I : Il y a juste en fait une dernière pour reprendre un peu par rapport à ça. Pour vous, aujourd'hui y a-t-il encore des choses pour lesquelles il faudrait lutter pour les enfants dans ce droit, des choses où il faut continuer d'agir?
JP : Je crois qu'on a pris la bonne direction dans l'individualisation, dans le soutien. Je pense que c'est la bonne direction, je ne pense pas que ça va changer. Peut-être qu'il faut quand même dire, mais ça c'est une question de société, c'est très difficile à dire, limiter quand même, faudrait qu'on ait une société plus adaptée aux jeunes, je sais pas très bien, mais il y a de plus en plus de jeunes qui doivent consulter chez les psychiatres ou psychologues. Puis ça c'est un phénomène de société. C'est la société qui n'est plus tellement épanouissante pour les individus.
I : Oui, il y a une forte pression
JP : Oui, beaucoup de pression et puis, beaucoup de concurrences.
C : l'angoisse de la profession. Avant on choisissait un métier pour toute la vie.
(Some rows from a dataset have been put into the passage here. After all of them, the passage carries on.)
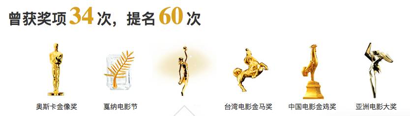 其中,奥斯卡金像奖提名1次,戛纳电影节获奖1次,香港电影金像奖提名31次、获奖17次,台湾电影金像奖提名25次、获奖11次……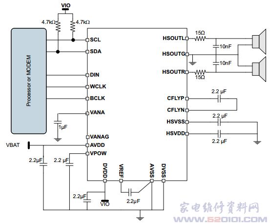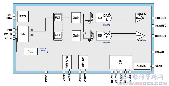 概述:TLV320DAC3202采用0.5毫米间距、2毫米x2.5毫米WCSP封装。是集成了DAC和电源的高保真高效低功耗G类耳机放大器,静态功耗6.5mW, SNR为100dB(A),内置了短路保护,支持8-, 11.025-, 12-, 16-, 24-, 32-, 44.1和48-kHz取样频率,数字控制I2C接口,支持16,20,24和32位数据宽度,32步音量控制(4dB到-59dB)。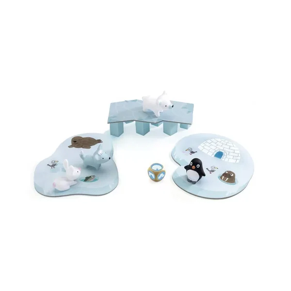 Il y a cinq mignons animaux polaires en plastique d’un côté du pont, tenant sur 6 glaçons et un igloo de l’autre côté. À tour de rôle, les joueurs emmènent leurs animaux dans l’igloo avant que le pont ne tombe. Le dé a 3 faces : aller au pont, aller à l’igloo, enlever un glaçon.
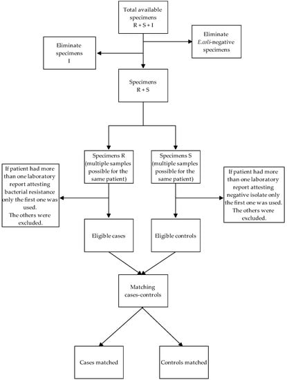 Flow diagram of included cases and controls. Abbreviations: R = 3GC-resistant specimens; S = 3GC-sensible specimens; I = 3GC-intermediate specimens.

Maintenant même si on fait des études ou pas d'études, un apprentissage, on a de la peine à trouver un métier donc et ça ne durera jamais toute la vie, alors qu'autrefois oui.
I : C'est la tendance qui est différente, ouais.
C : Alors l'angoisse de l'avenir. Il y a même des jeunes qui se disent comment je vais gérer ma retraite s'il n' y a plus d'AVS, etcetera. Il y a une angoisse professionnelle. Il y a le tout tout de suite. Mon copain a un natel, une télévision, une voiture a 18 ans etcetera. Comment moi je vais me payer ça? A viser tout de suite son petit studio pour ne pas être chez ses parents. Il y a une concurrence là, il y a quelque chose.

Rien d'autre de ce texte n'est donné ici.